Fertilizing
- Shade trees can be fertilized.
- Fertilize emerging spring flowering bulbs.
- Spread wood ashes around the vegetable garden, flowering bulb beds and non-acid loving plants if the pH is below 6.0.
Planting
- First week in February start broccoli, cabbage, and cauliflower plants inside your home.
- Plant English peas, onions, Irish potatoes, radishes, rutabagas, spinach, kale, turnips, and carrots the last week of February.
- Plant asparagus crowns when soil is dry enough to work.
- Plant fruit trees and grape vines while dormant, before buds open.
Pruning
- Prune bunch grape vines this month.
- Trim ornamental grasses like liriope, mondo grass, and pampas grass.
- Cut back any overgrown shrubs.
- Prune fruit trees, such as apples, cherry, nectarine, peach, pear and plum while dormant, before buds open.

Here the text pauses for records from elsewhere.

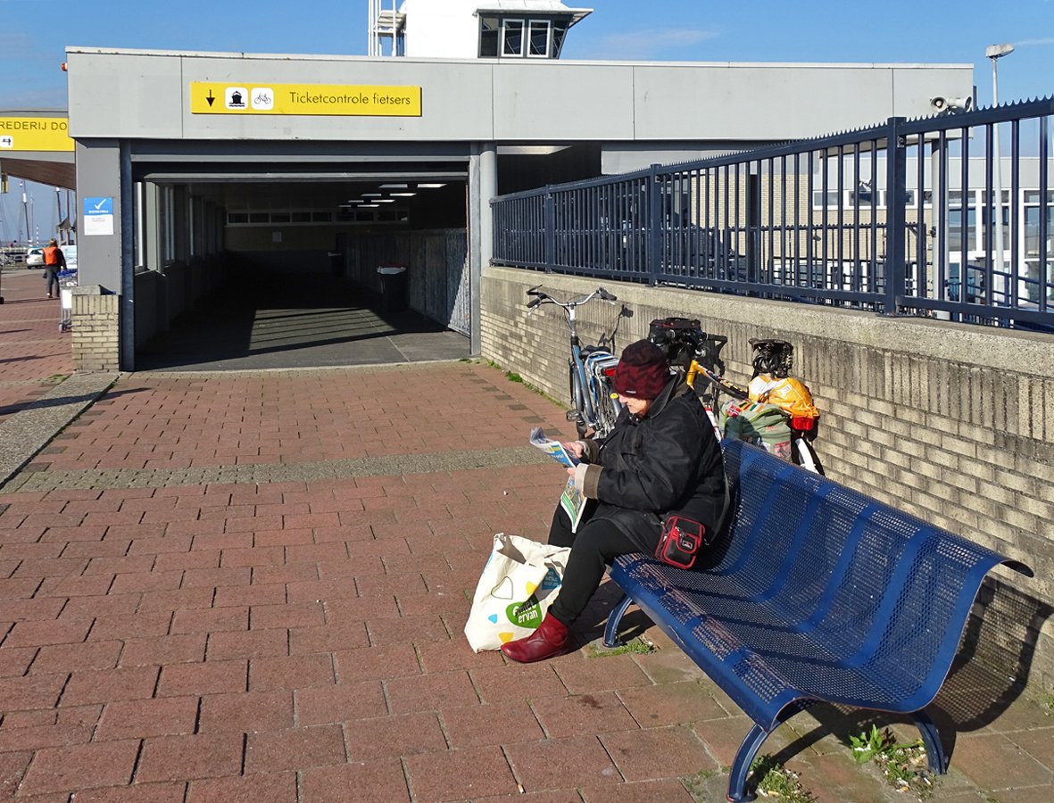 Eenmaal aan boord neemt het personeel van Doeksen de fietsen van de passagiers over en zij zetten die tegen een wand, direct naast de geopende voorboeg. De boot is de MS "Friesland". Er zijn ook snelle catamarans, maar daar mogen geen fietsen mee.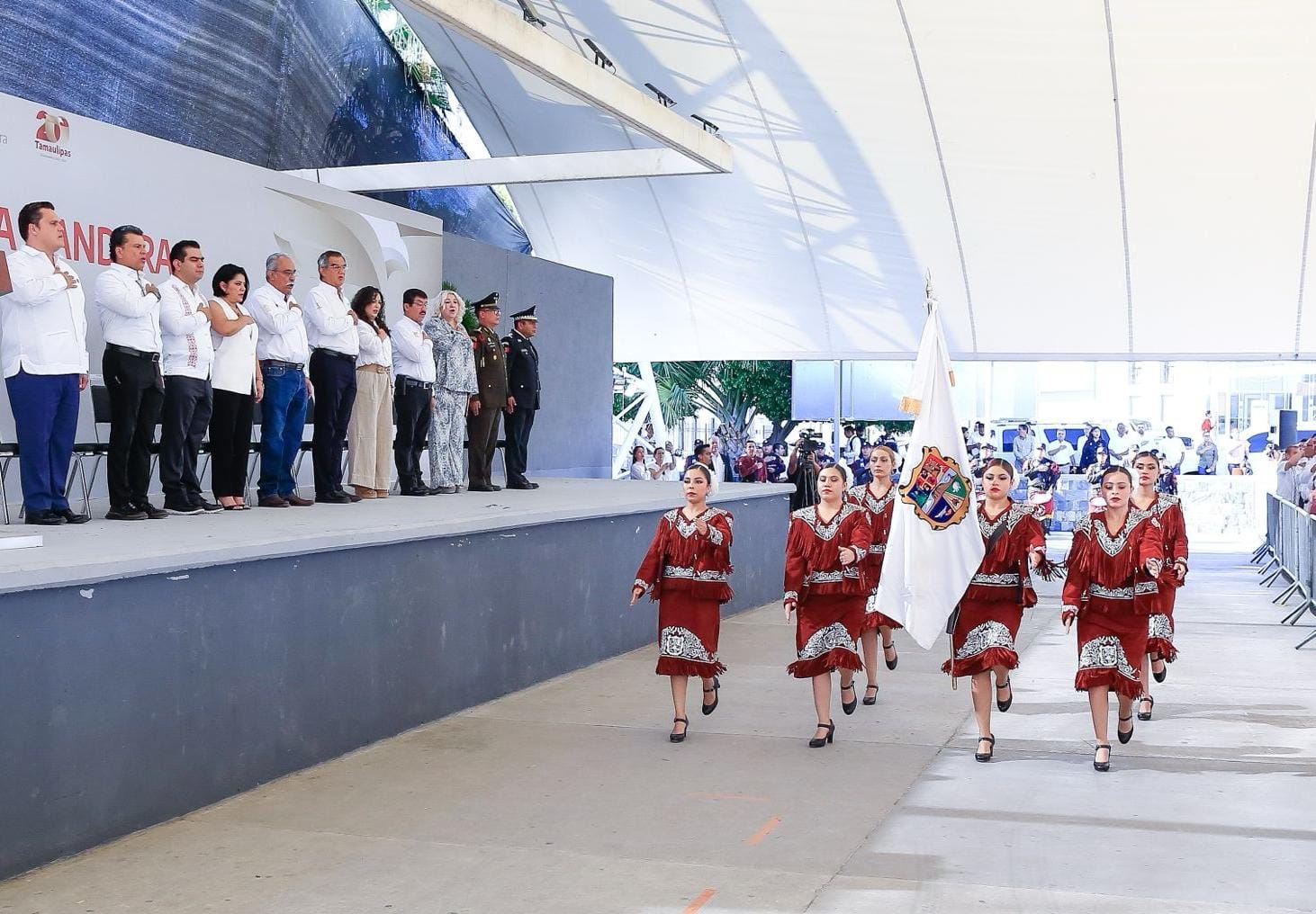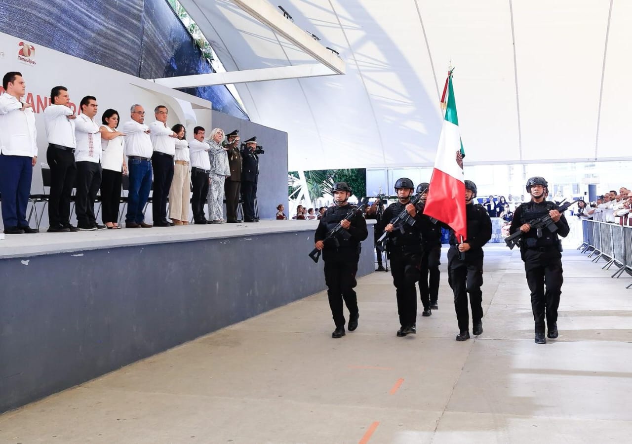 En esta ceremonia celebrada en el patinadero de la Unidad Deportiva Adolfo Ruiz Cortines, acompañaron al gobernador: la senadora electa, Olga Sosa Ruiz; el magistrado David Cerda Zúñiga, presidente del Supremo Tribunal de Justicia; la diputada Úrsula Salazar Mojica, presidenta de la Junta de Gobierno del Congreso del Estado; el diputado Humberto Prieto Herrera, presidente de la Diputación Permanente del Congreso; el rector de la Universidad Autónoma de Tamaulipas, Dámaso Anaya Alvarado; el presidente municipal de Victoria, Eduardo Gattás Báez; Adriana Lozano Rodríguez, secretaria de Finanzas; el general Julio César Islas Sánchez, comandante de la 48a Zona Militar; y, con la representación de la Guardia Nacional, el teniente Fernando Meneses Martínez.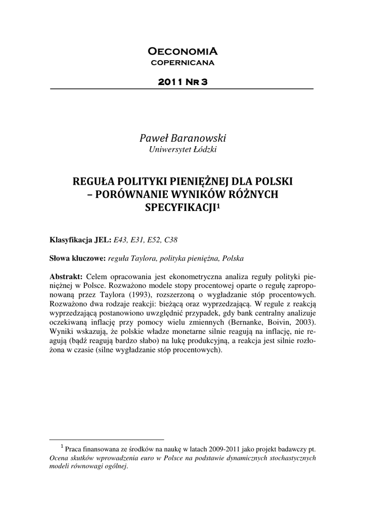 OeconomiA copernicana 2011 Nr 3 Paweł Baranowski Uniwersytet Łódzki REGUŁA POLITYKI PIENIĘŻNEJ DLA POLSKI – PORÓWNANIE WYNIKÓW RÓŻNYCH SPECYFIKACJI1 Klasyfikacja JEL: E43, E31, E52, C38 Słowa kluczowe: reguła Taylora, polityka pieniężna, Polska Abstrakt: Celem opracowania jest ekonometryczna analiza reguły polityki pieniężnej w Polsce. Rozważono modele stopy procentowej oparte o regułę zaproponowaną przez Taylora (1993), rozszerzoną o wygładzanie stóp procentowych. Rozważono dwa rodzaje reakcji: bieżącą oraz wyprzedzającą. W regule z reakcją wyprzedzającą postanowiono uwzględnić przypadek, gdy bank centralny analizuje oczekiwaną inflację przy pomocy wielu zmiennych (Bernanke, Boivin, 2003). Wyniki wskazują, że polskie władze monetarne silnie reagują na inflację, nie reagują (bądź reagują bardzo słabo) na lukę produkcyjną, a reakcja jest silnie rozłożona w czasie (silne wygładzanie stóp procentowych). 1 Praca finansowana ze środków na naukę w latach 2009-2011 jako projekt badawczy pt. Ocena skutków wprowadzenia euro w Polsce na podstawie dynamicznych stochastycznych modeli równowagi ogólnej. 6 Paweł Baranowski MONETARY POLICY RULE FOR POLAND – RESULTS FOR VARIOUS SPECIFACTIONS JEL Classification Codes: E43, E31, E52, C38 Keywords: Taylor Rule, monetary policy, Poland Abstract: The aim of the paper is to analyse monetary policy rules for Poland. We estimate models based on the proposition of Taylor (1993), augmented with interest rate smoothing. We deal with the case of instantaneous as well as forwardlooking relationship between interest rate and inflation. In the latter case, the proposition of data-rich reaction function (Bernanke and Boivin, 2003) was also considered. The evidence show that Polish monetary authority reaction to inflation is strong, contrary to the output gap. In addition, we found strong interest smoothing, which implies time-distributed response of the interest rate. WPROWADZENIE Jednym z kluczowych elementów dynamicznych modeli stochastycznych opartych o paradygmant nowej ekonomii keynesistowskiej jest reguła polityki pieniężnej. Równanie to stanowi domknięcie nominalne modelu, zapewniające samoczynny powrót systemu do równowagi. W zdecydowanej większości prac korzysta się z reguły zaproponowanej przez Taylora (1993). Celem opracowania jest oszacowanie parametrów reguły Taylora dla Polski w wariancie standardowym, w którym władze monetarne reagują na bieżące wartości zmiennych oraz „wyprzedzającym” (forward looking), gdzie występuje reakcja na oczekiwaną inflację. W przypadku reguły forward looking dodatkowo zostanie uwzględnione podejście zaproponowane przez Bernanke i Boivina (2003), pozwalające odzwierciedlić reakcję banku centralnego na wiele zmiennych (data-rich environment) potencjalnie kształtujących przyszłą inflację. REGUŁA TAYLORA – PODSTAWY TEORETYCZNE Reguła Taylora opisuje wahania nominalnych stóp procentowych w zależności od inflacji i luki produkcyjnej. Równanie to w wersji zapro- Reguła polityki pieniężnej dla Polski… 7 ponowanej przez Taylora (1993) posiadało parametry skalibrowane w następującej postaci: i t = 1 + 1,5π t + 0 ,5 x t , (1) gdzie: i – nominalna stopa procentowa, π – stopa inflacji, x – luka produkcyjna. Równanie to stało się punktem wyjścia do innych postaci reguły Taylora. Stosowane obecnie wersje tej reguły zwykle posiadają zmodyfikowaną specyfikację dynamiczną, a ich parametry są estymowane. Jak wskazują modele teoretyczne, ze względu na szeroko rozumianą niepewność (np. co do „prawdziwego” modelu gospodarki lub wynikająca z błędów pomiaru zmiennych) skłania ku ostrożnym, stopniowym reakcjom polityki gospodarczej2. Taki sposób działania banku centralnego, zwany wygładzaniem stóp procentowych (interest rate smoothing), znajduje również potwierdzenie w wielu badaniach empirycznych. Z tego względu specyfikacja dynamiczna uwzględnia wygładzanie stóp procentowych i przedstawia się następująco: ^ i t = i + ρ i t −1 + (1 − ρ )φ π π t + (1 − ρ )φ x x t , (2) gdzie: φ π , φ x – parametry opisujące długookresową reakcję stóp procentowych na odpowiednio: inflację i lukę produkcyjną, ρ – parametr wygładzania stóp procentowych, ^ i – parametr (długookresowa realna stopa procentowa w równowadze). Kolejna modyfikacja pozwala uwzględnić zasadę, że polityka pieniężna powinna być „wyprzedzająca”, tzn. bank centralny powinien kierować się przyszłymi, oczekiwanymi wartościami inflacji3. W ten sposób otrzymujemy regułę Taylora w wariancie „wyprzedzającym” (forward looking). Powstaje oczywiście pytanie, jak odległe oczekiwania powinny być brane pod 2 Ten typ argumentacji zapoczątkował Brainard (1967). Pogląd jest powszechny w literaturze i wynika głównie z faktu, że polityka pieniężna wpływa na inflację z opóźnieniem. 3 8 Paweł Baranowski uwagę przez bank centralny. Z jednej strony horyzont oczekiwań powinien być równy opóźnieniu reakcji gospodarki na zmianę stóp procentowych (co wskazuje na horyzont w granicach 2-6 kwartałów). Z drugiej strony, w miarę wydłużania horyzontu prognozy rośnie jej błąd, co skłania bank centralny do krótszego horyzontu. W niniejszej pracy, podobnie jak w większości prac empirycznych, przyjęto reakcję na inflację oczekiwaną na 1 kwartał naprzód, niemniej jednak założenie to powinno być w przyszłości zweryfikowane empirycznie4. Równanie to, w wersji z omówionym powyżej wygładzaniem stóp procentowych posiada następującą postać: ^ it = i + ρ it −1 + (1 − ρ )φ π E tπ t +1 + (1 − ρ )φ x x t , (3) gdzie: E t – operator racjonalnych oczekiwań. Osobnym przypadkiem rozpatrzonym w opracowaniu jest wariant, w którym bank centralny – pośrednio – reaguje na dużą ilość zmiennych potencjalnie kształtujących inflację. Wariant ten posiada

- While pruning, remove leaves and clippings to prevent disease problems.
Spraying
- Peach and nectarine trees need to be sprayed with a fungicide to prevent leaf curl.
- Spray all fruit trees with dormant oil to help eliminate some insects.
Lawn Care
- Cool season lawns like tall fescue should be fertilized. Follow soil test results.
- Control wild onion in your lawn with spot sprays of a recommended herbicide.
Propagation
- Divide perennials like daylily and shasta daisy when the ground is dry enough.
- Hardwood cuttings of many landscape plants like Crape Myrtle, Flowering Quince, forsythia, hydrangea, juniper, spiraea, and weigela can be taken this month.
Specific Chores
- Clean out bluebird boxes.
- Order flowers for your sweetheart – Happy Valentine’s Day!
- Develop a vegetable and landscape plan for your home grounds.
- Order strawberry & blueberry plants.
- Bring cut branches of forsythia, winter honeysuckle, spirea and quince inside. Place branches in water filled vases to enjoy early blooms.